# Expert Answers - Choose the one alternative

1.  Choose the one alternative that best completes the statement or answers the question.
Assume independent random samples are available from two populations giving information about population proportions. For the first sample assume n1= 100 and x1= 45. For the second sample, assume n2= 100 and x2= 42. Use the given sample sizes and numbers to find the pooled estimate of p̄. Round your answer to the nearest thousandth.

0.479
0.305
0.435
0.392

2.  Choose the one alternative that best completes the statement or answers the question.
Assume two independent random samples are available which provide sample proportions.
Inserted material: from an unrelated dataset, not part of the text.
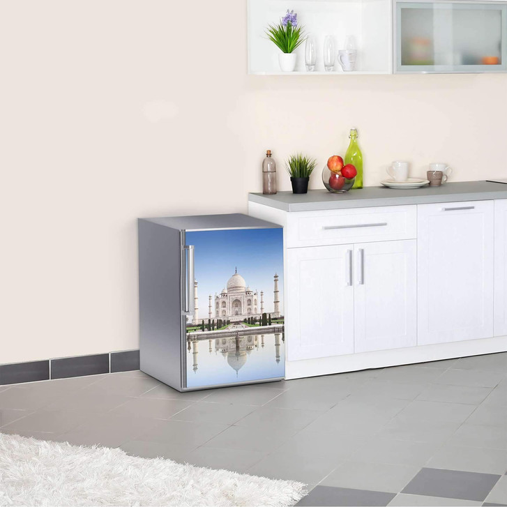 Unsere Kühlschrankfolie Taj Mahal für die Kühlschrankgrösse 60x80cm ist der Blickfang in jeder Küche. Die Dekofolien sind hochwertige, selbsthaftende Vinylfolien (seidenmatt) und können dank Bubble-free Technologie kinderleicht verklebt werden.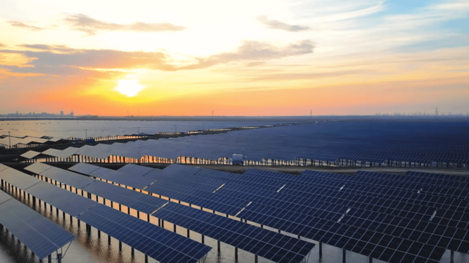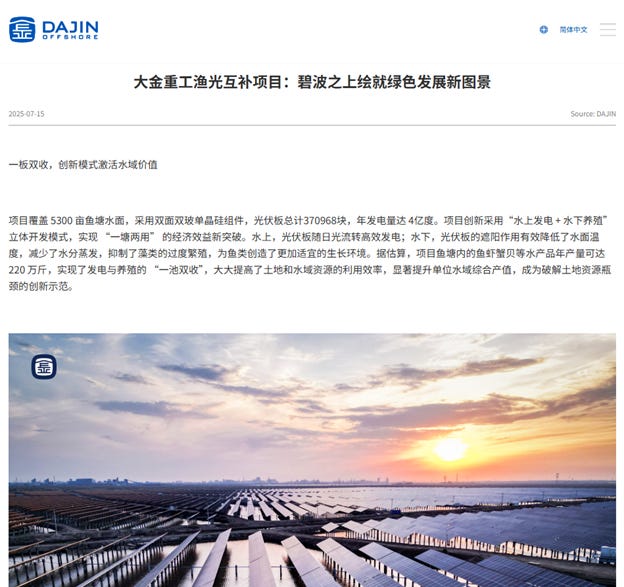 These are bifacial solar panels—with solar cells on both sides of the panel, and they put 370,000 of them on a fish farm. This is the announcement from the company, Dajin Offshore, for the new hybrid fish-solar farm in Tangshan, Hebei:

For the first sample assume n1= 100 and x1= 42. For the second sample, assume n2= 100 and x2= 45. Test the null hypothesis that the population proportions are equal versus the alternative hypothesis that the proportion for population 2 is greater than the proportion for population 1.  Frame the null hypothesis as H0 : p2 – p1 = 0, and the alternative as HA : p2 – p1 0.  Pick the correct z value and p-value.  Round your answer to the nearest thousandth.

-0.428 p-value= 0.334
0.428 p-value= 0.668
0.428 p-value= 0.334
-0.428 p-value= 0.668

3. Construct the indicated confidence interval for the difference between the two population means. Assume that the two samples are independent simple random samples selected from normally distributed populations.  Assume that the population standard deviations are equal.
Two types of flares are tested and their burning times are recorded. The summary statistics are given below.
Brand X  n = 35  mean = 19.4 minutes  standard deviation =1.4 minutes
Brand Y  n = 40  mean = 15.1 minutes  standard deviation = 1.3 minutes
Construct a 95% confidence interval for the differences between the mean burning time of the brand X flare and the mean burning time of the brand Y flare.
3.2 min < µX - µY < 5.4 min
3.7 min < µX - µY < 4.9 min
3.5 min < µX - µY < 5.1 min
3.9 min < µX - µY < 4.7 min

4. Construct a 95% confidence interval for the mean difference µd using a sample of paired data for which summary statistics are given. Assume the parent populations are normally distributed.  Assume the sample mean difference d = 3.0, the sample standard deviation sd = 2.911, and n = 8.

0.566 < µd < 5.434
0.691 < µd < 5.559
2.264 < µd < 3.986
0.691 < µd< 3.986

5.True or False
One-way Analysis of Variance is used to determine statistically whether the variance between the treatment level means is greater than the variances within levels (error variance).  It is assumed that the observations are random samples drawn from normally distributed populations that have equal variances.  (Refer to Business Statistics Section 11.2.)
True
False

Note: Although Analysis of Variance does compare the between-treatment variance with the within-treatment variance, the purpose of the test is to determine if the means of the groups are different, rather than the variances.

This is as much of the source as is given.